# Task directions
Using the entries below, copy exactly each line from the line with "在昭苏的辽阔雪原上,最动人心" up to and including the line with "日(4画)野(11画)原(10画) 正(5画)樹(16画)", with every picture left out.

# Supplied entries

[Start of Attachment]

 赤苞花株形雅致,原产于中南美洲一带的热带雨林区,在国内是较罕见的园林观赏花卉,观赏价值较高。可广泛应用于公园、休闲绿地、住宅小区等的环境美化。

[End of Attachment]
[Start of Attachment]

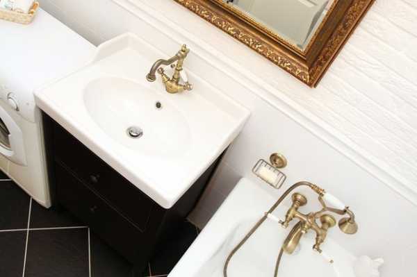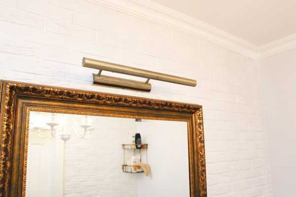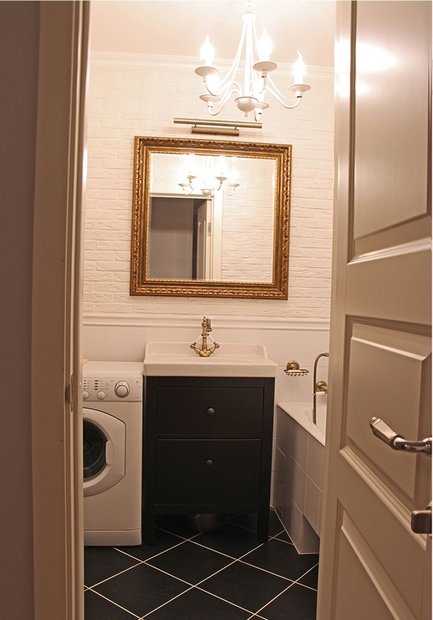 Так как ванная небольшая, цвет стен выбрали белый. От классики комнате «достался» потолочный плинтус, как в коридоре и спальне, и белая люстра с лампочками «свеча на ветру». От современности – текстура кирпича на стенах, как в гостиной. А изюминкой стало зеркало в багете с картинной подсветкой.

[End of Attachment]
[Start of Attachment]

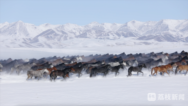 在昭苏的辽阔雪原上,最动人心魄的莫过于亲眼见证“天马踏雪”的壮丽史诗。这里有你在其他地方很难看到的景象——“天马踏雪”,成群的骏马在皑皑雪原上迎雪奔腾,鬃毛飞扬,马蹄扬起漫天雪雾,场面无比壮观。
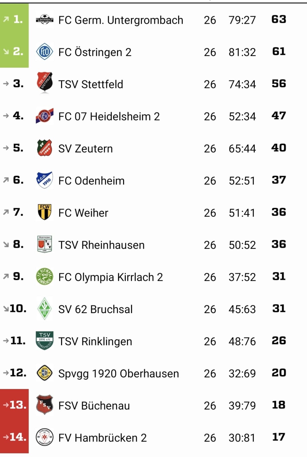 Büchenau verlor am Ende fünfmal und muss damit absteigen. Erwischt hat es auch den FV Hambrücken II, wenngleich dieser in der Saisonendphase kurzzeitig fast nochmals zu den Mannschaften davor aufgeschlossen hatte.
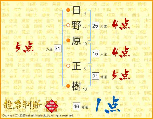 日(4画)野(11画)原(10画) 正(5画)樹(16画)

[End of Attachment]

# Problem solution
 在昭苏的辽阔雪原上,最动人心魄的莫过于亲眼见证“天马踏雪”的壮丽史诗。这里有你在其他地方很难看到的景象——“天马踏雪”,成群的骏马在皑皑雪原上迎雪奔腾,鬃毛飞扬,马蹄扬起漫天雪雾,场面无比壮观。
 Büchenau verlor am Ende fünfmal und muss damit absteigen. Erwischt hat es auch den FV Hambrücken II, wenngleich dieser in der Saisonendphase kurzzeitig fast nochmals zu den Mannschaften davor aufgeschlossen hatte.
 日(4画)野(11画)原(10画) 正(5画)樹(16画)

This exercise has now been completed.